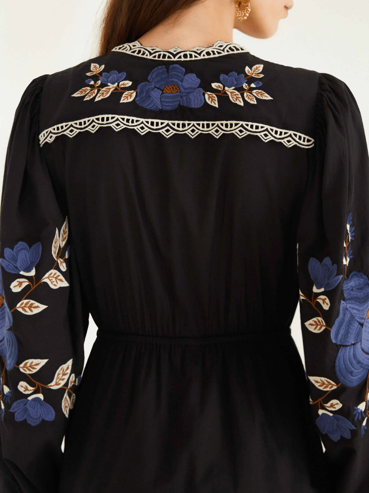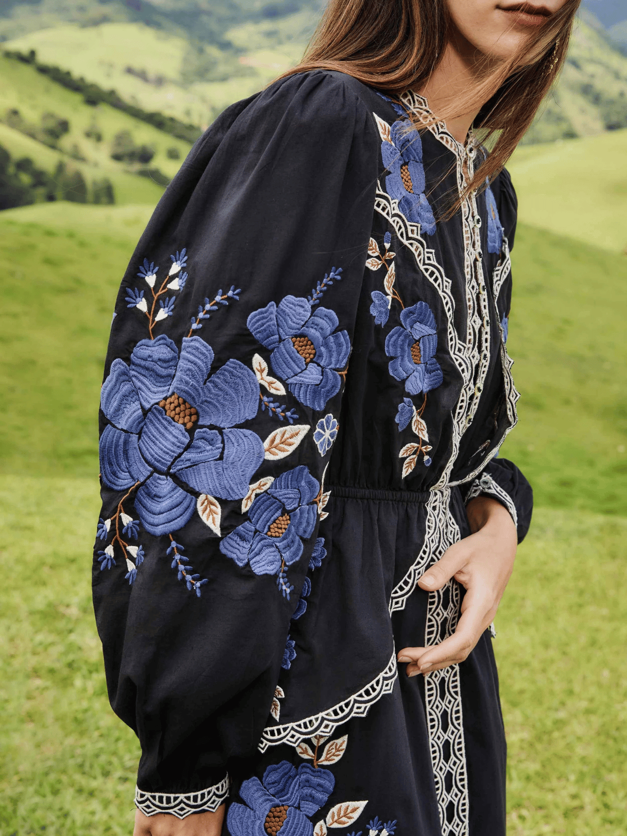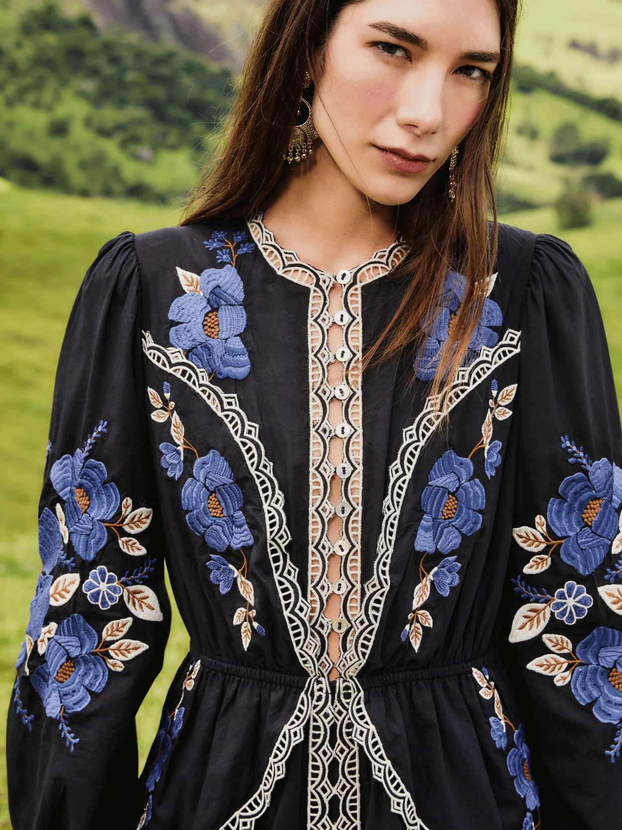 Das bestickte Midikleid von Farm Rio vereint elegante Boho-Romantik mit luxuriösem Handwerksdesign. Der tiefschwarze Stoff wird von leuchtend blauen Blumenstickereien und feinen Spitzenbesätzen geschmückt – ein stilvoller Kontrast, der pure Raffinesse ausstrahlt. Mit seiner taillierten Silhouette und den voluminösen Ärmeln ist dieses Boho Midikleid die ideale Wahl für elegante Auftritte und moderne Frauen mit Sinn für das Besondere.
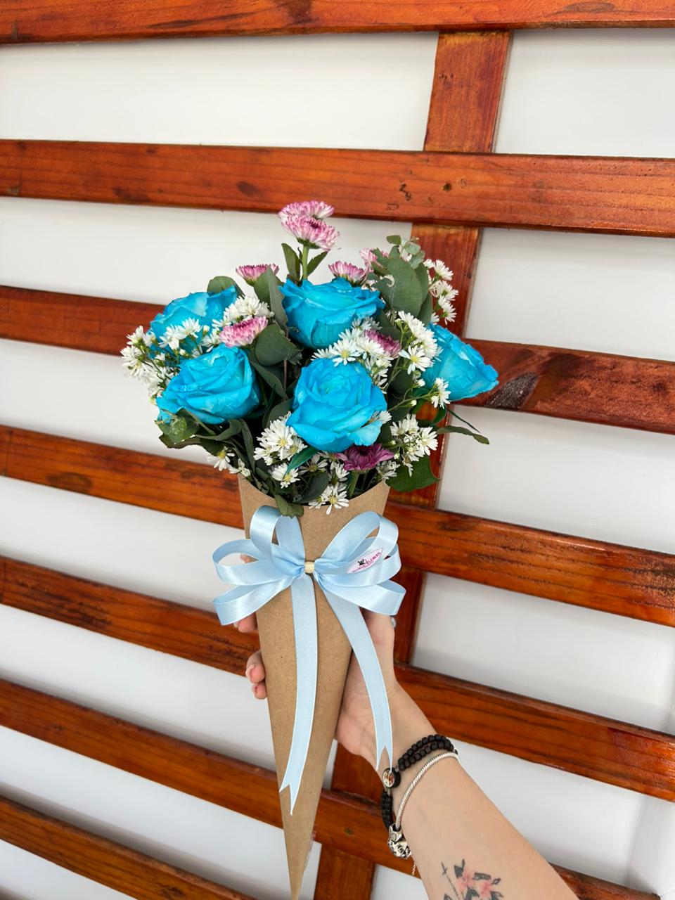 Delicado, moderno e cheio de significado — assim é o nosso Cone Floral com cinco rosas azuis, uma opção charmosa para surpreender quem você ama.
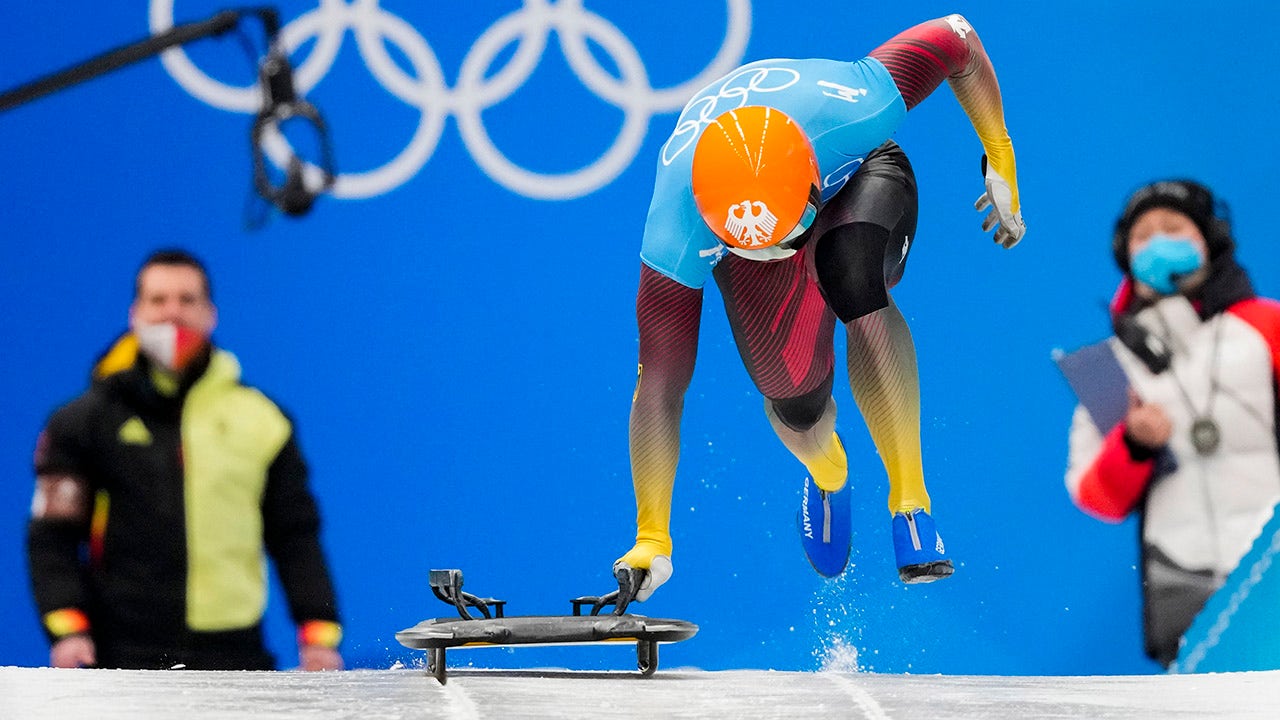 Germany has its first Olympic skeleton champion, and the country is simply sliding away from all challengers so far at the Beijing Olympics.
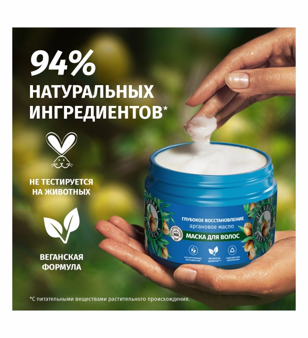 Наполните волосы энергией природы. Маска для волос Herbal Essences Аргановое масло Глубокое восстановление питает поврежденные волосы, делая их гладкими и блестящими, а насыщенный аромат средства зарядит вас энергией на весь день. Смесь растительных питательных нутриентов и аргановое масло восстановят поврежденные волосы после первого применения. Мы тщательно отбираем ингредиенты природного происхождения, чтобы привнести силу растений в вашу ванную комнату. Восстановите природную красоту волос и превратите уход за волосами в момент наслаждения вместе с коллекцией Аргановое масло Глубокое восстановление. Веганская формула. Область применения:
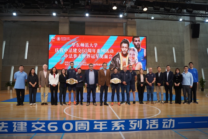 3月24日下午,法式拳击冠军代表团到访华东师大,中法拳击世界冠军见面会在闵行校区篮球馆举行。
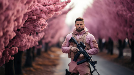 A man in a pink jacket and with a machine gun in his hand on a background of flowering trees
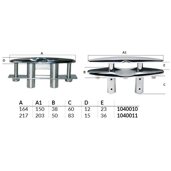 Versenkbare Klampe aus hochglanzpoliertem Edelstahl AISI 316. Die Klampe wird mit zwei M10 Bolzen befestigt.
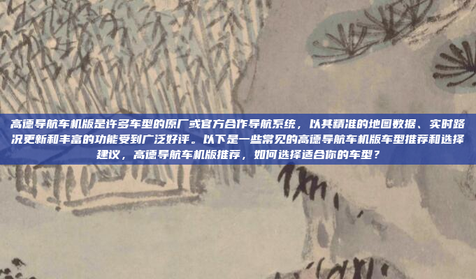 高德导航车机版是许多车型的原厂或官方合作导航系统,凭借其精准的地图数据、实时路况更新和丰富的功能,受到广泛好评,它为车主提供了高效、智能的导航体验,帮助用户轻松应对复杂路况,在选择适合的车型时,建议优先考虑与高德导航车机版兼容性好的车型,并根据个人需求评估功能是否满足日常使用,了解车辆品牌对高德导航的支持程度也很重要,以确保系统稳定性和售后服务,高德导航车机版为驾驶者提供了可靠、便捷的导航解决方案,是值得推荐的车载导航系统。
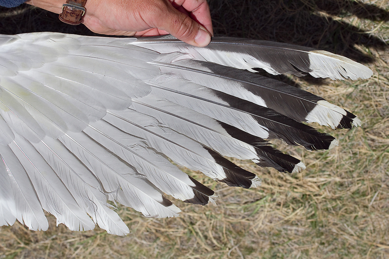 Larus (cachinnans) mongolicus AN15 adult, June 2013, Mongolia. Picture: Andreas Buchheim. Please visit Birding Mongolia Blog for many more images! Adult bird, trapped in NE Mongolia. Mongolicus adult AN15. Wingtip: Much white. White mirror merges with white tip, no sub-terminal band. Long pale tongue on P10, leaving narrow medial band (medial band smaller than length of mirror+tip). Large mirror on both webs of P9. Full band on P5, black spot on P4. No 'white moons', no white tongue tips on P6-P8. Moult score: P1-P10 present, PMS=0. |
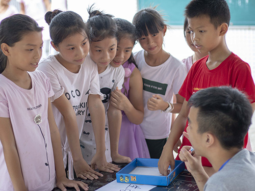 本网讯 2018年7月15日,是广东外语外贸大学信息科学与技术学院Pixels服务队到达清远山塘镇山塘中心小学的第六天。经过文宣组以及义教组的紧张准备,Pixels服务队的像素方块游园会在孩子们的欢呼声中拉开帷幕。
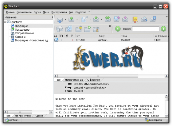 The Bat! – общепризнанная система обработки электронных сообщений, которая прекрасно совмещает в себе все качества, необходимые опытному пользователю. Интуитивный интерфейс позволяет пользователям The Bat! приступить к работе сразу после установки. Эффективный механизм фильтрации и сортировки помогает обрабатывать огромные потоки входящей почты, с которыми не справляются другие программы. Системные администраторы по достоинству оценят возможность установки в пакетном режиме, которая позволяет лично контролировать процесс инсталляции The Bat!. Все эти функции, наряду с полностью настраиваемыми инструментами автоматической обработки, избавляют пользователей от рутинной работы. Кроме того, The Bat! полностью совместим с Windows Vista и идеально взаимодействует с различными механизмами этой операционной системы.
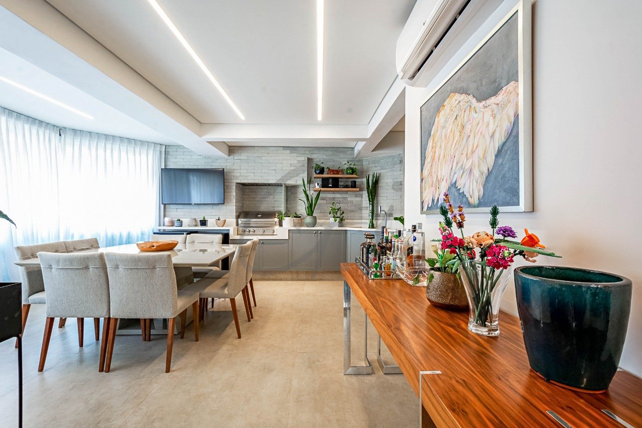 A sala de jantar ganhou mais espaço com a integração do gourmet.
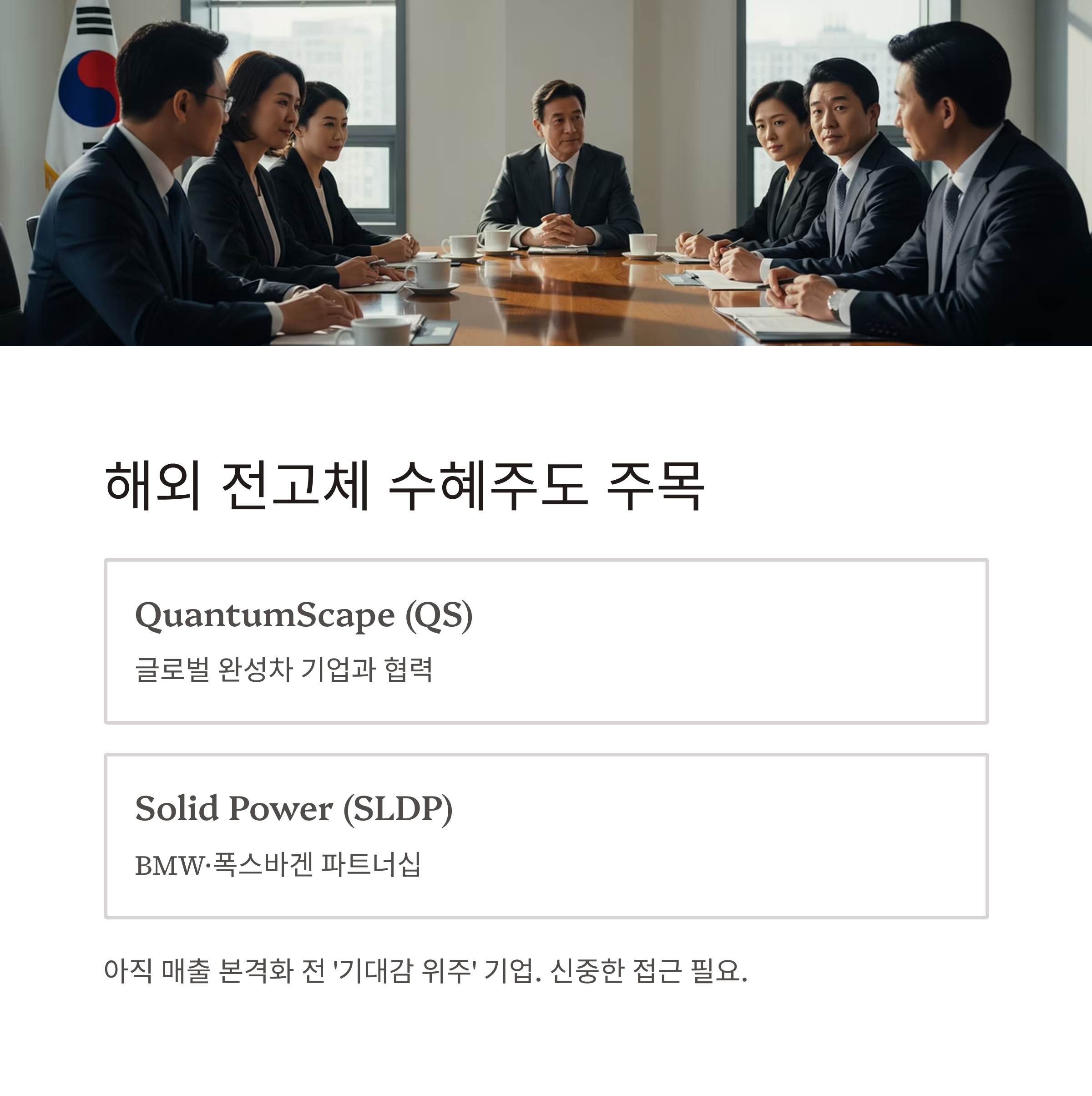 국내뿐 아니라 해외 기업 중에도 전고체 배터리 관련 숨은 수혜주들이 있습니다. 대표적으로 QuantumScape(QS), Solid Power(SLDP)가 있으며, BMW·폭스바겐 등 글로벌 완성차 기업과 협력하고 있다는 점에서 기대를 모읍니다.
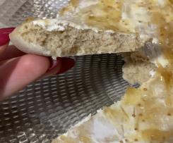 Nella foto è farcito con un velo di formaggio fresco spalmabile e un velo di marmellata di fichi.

☆ ☆ ☆ ☆ ☆

> Problem description
Leave the images aside and retype each line of the listing above exactly.

> Answer to this task
 Das bestickte Midikleid von Farm Rio vereint elegante Boho-Romantik mit luxuriösem Handwerksdesign. Der tiefschwarze Stoff wird von leuchtend blauen Blumenstickereien und feinen Spitzenbesätzen geschmückt – ein stilvoller Kontrast, der pure Raffinesse ausstrahlt. Mit seiner taillierten Silhouette und den voluminösen Ärmeln ist dieses Boho Midikleid die ideale Wahl für elegante Auftritte und moderne Frauen mit Sinn für das Besondere.
 Delicado, moderno e cheio de significado — assim é o nosso Cone Floral com cinco rosas azuis, uma opção charmosa para surpreender quem você ama.
 Germany has its first Olympic skeleton champion, and the country is simply sliding away from all challengers so far at the Beijing Olympics.
 Наполните волосы энергией природы. Маска для волос Herbal Essences Аргановое масло Глубокое восстановление питает поврежденные волосы, делая их гладкими и блестящими, а насыщенный аромат средства зарядит вас энергией на весь день. Смесь растительных питательных нутриентов и аргановое масло восстановят поврежденные волосы после первого применения. Мы тщательно отбираем ингредиенты природного происхождения, чтобы привнести силу растений в вашу ванную комнату. Восстановите природную красоту волос и превратите уход за волосами в момент наслаждения вместе с коллекцией Аргановое масло Глубокое восстановление. Веганская формула. Область применения:
 3月24日下午,法式拳击冠军代表团到访华东师大,中法拳击世界冠军见面会在闵行校区篮球馆举行。
 A man in a pink jacket and with a machine gun in his hand on a background of flowering trees
 Versenkbare Klampe aus hochglanzpoliertem Edelstahl AISI 316. Die Klampe wird mit zwei M10 Bolzen befestigt.
 高德导航车机版是许多车型的原厂或官方合作导航系统,凭借其精准的地图数据、实时路况更新和丰富的功能,受到广泛好评,它为车主提供了高效、智能的导航体验,帮助用户轻松应对复杂路况,在选择适合的车型时,建议优先考虑与高德导航车机版兼容性好的车型,并根据个人需求评估功能是否满足日常使用,了解车辆品牌对高德导航的支持程度也很重要,以确保系统稳定性和售后服务,高德导航车机版为驾驶者提供了可靠、便捷的导航解决方案,是值得推荐的车载导航系统。
 Larus (cachinnans) mongolicus AN15 adult, June 2013, Mongolia. Picture: Andreas Buchheim. Please visit Birding Mongolia Blog for many more images! Adult bird, trapped in NE Mongolia. Mongolicus adult AN15. Wingtip: Much white. White mirror merges with white tip, no sub-terminal band. Long pale tongue on P10, leaving narrow medial band (medial band smaller than length of mirror+tip). Large mirror on both webs of P9. Full band on P5, black spot on P4. No 'white moons', no white tongue tips on P6-P8. Moult score: P1-P10 present, PMS=0. |
 本网讯 2018年7月15日,是广东外语外贸大学信息科学与技术学院Pixels服务队到达清远山塘镇山塘中心小学的第六天。经过文宣组以及义教组的紧张准备,Pixels服务队的像素方块游园会在孩子们的欢呼声中拉开帷幕。
 The Bat! – общепризнанная система обработки электронных сообщений, которая прекрасно совмещает в себе все качества, необходимые опытному пользователю. Интуитивный интерфейс позволяет пользователям The Bat! приступить к работе сразу после установки. Эффективный механизм фильтрации и сортировки помогает обрабатывать огромные потоки входящей почты, с которыми не справляются другие программы. Системные администраторы по достоинству оценят возможность установки в пакетном режиме, которая позволяет лично контролировать процесс инсталляции The Bat!. Все эти функции, наряду с полностью настраиваемыми инструментами автоматической обработки, избавляют пользователей от рутинной работы. Кроме того, The Bat! полностью совместим с Windows Vista и идеально взаимодействует с различными механизмами этой операционной системы.
 A sala de jantar ganhou mais espaço com a integração do gourmet.
 국내뿐 아니라 해외 기업 중에도 전고체 배터리 관련 숨은 수혜주들이 있습니다. 대표적으로 QuantumScape(QS), Solid Power(SLDP)가 있으며, BMW·폭스바겐 등 글로벌 완성차 기업과 협력하고 있다는 점에서 기대를 모읍니다.
 Nella foto è farcito con un velo di formaggio fresco spalmabile e un velo di marmellata di fichi.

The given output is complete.